Filmreihe im ZDF

"Familie Bundschuh – Wir machen Abitur": Chaos in der Schule und nebenan

von Maximilian Haase

Auch im vierten Film der Reihe versinkt Familie Bundschuh im Chaos. Die Vorlage kommt erneut von Andrea Sawatzki, die auch die Hauptrolle spielt. Sehenswert.

ZDF
Familie Bundschuh – Wir machen Abitur
Komödie • 16.12.2019 • 20:15 Uhr

"In den großen Familientragödien der Antike und des Mittelalters sind zum Schluss immer alle tot. Früher fand ich das ein bisschen übertrieben", spricht Andrea Sawatzki alias Gundula Bundschuh zu Beginn ihrer neuen Familienkomödie aus dem Off. Das änderte sich jedoch, wie die gestresste Mutter und Hauptfigur der beliebten Reihe gesteht: "Inzwischen finde ich das ziemlich nachvollziehbar. Ehrlich gesagt, ist es eine ziemlich saubere Lösung." Weshalb sie derlei doch recht drastische Maßnahmen befürwortet, zeigt das ZDF unter dem Titel "Familie Bundschuh – Wir machen Abitur" im inzwischen vierten Film über die Chaossippe, deren Geschichten auf den Romanen von Schauspielerin und Schriftstellerin Andrea Sawatzki basieren.
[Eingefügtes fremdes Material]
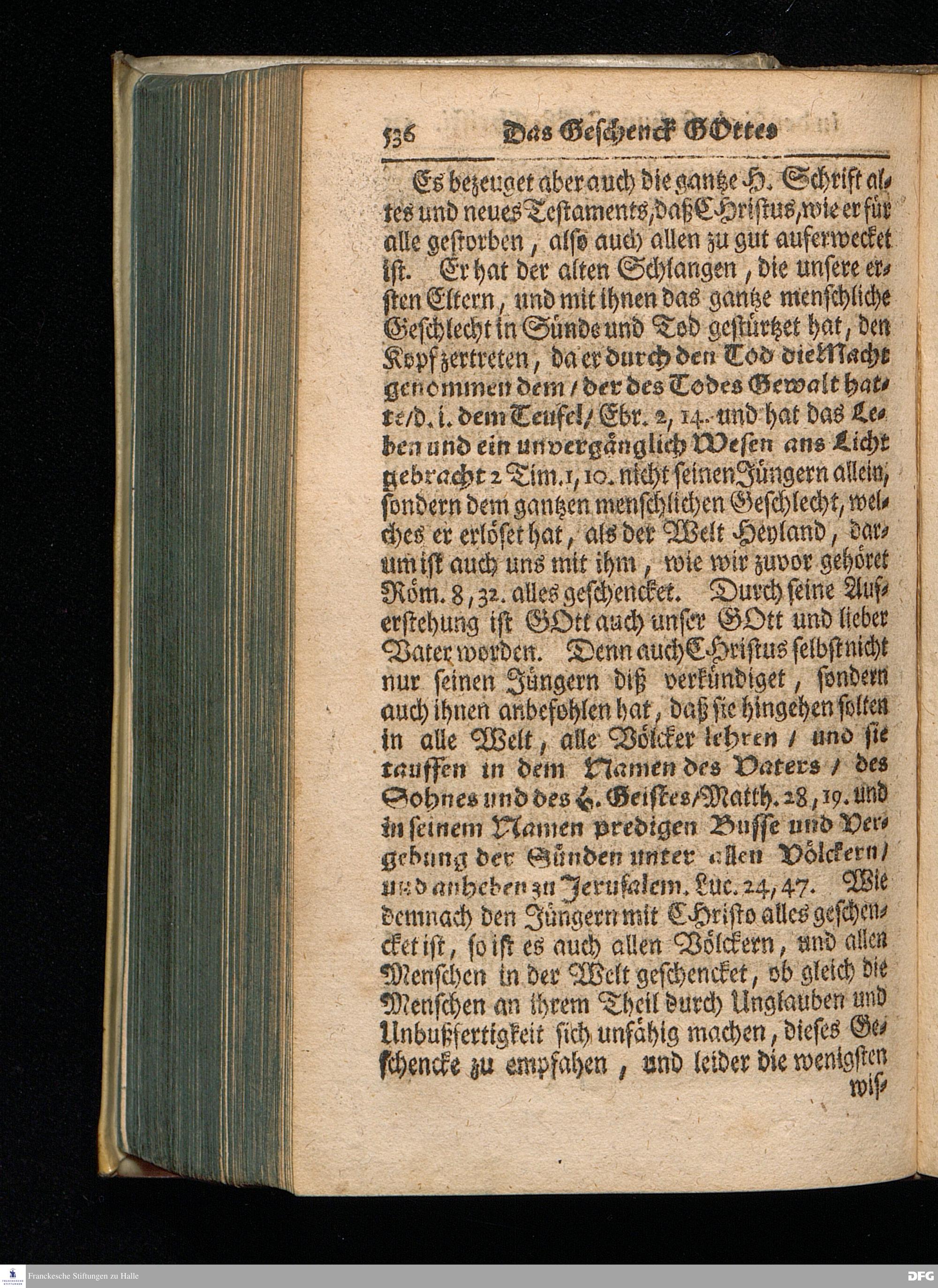 August Hermann Franckens / S.Theol.Prof.& Past. zu S.Ulrich, und des Gymnasii Scholarchæ, Kurtze Sonn= und Fest=Tags=Predigten / Darinnen Vornemlich zum wahren / lebendigen / Kraft=vollen und in guten Früchten sich beweisenden Glauben, die nöthige Aufweckung und Anweisung gegeben wird. Die andere EDITION, mit einer neuen Vorrede und einem Register versehen. HALLE, in Verlegung des Wäysen=Hause MDCCXVIII.

Als Familienoberhaupt an der Seite ihres Mannes Gerald (Axel Milberg) versteht es Sawatzki auch diesmal, die Rolle der fürsorgenden und zugleich genervt nach Emanzipation lechzenden Mutter ebenso ironisiert wie ernsthaft auszufüllen. Diesmal lauert das Durcheinander von allen Seiten: Schwager Hadi und seine hochschwangere Frau Rose, von Eva Löbau als nervtötende Schwäbin par excellence gespielt, ziehen als Nachbarn nebenan ein – und bringen alles durcheinander. Vor allem aber soll Tochter Ricarda (Amber Marie Bongard) ihr Abitur schaffen – nicht leicht bei der typischen Teenager-Lustlosigkeit der Heranwachsenden.

Doch Gundula glaubt, auch dafür eine Lösung zu haben: Freiwillig meldet sie sich in der Schule als Ersatzleiterin der Theater-AG, deren Lehrerin ausgefallen ist und die vor allem Migrantenkids fördern soll. Von dem selbstlosen Einsatz erhofft sie sich eine Besserbehandlung ihrer Tochter – gerät aber in einen Strudel aus Stress und Sorge. Die Kinder bocken herum, und die Ratschläge der Großmütter Ilse (Thekla Carola Wied) und Susanne (Judy Winter) helfen auch nicht wirklich weiter. Kaum zieht sich Gundula zurück, wird sie gescholten, sie solle "nicht immer nur an sich denken". Das sei wie mit den Atemmasken im Flugzeug, entgegnet die gestresste Mutter – die solle man auch erst sich selbst anlegen, bevor man den Kindern hilft.

Mit einem Witz, der vom Drehbuch von Florian Hanig für ZDF-Primetime-Verhältnisse angenehm vielschichtig umgesetzt wurde, schneidet der vierte Bundschuh-Film von übermäßigen Rollenerwartungen an Frauen bis zur Integration von Migranten zahlreiche brennende Themen an. Wunderbar umgesetzt ist etwa die Debatte der nervenden neuen Nachbarn um die mögliche Hautfarbe ihres erwartenden Kindes – das nämlich könnte durchaus nicht von Hadi sein. Und so fragt Rose beim Ultraschall den ebenfalls stark schwäbelnden schwarzen Arzt, ob etwas darauf hindeute, dass das Kind "so aussieht wie Sie". Derlei verquere Konstellationen müssen natürlich aufgearbeitet werden: Als Gaststar überzeugt Uwe Ochsenknecht in der Rolle des jovial-schmalzigen Therapeuten.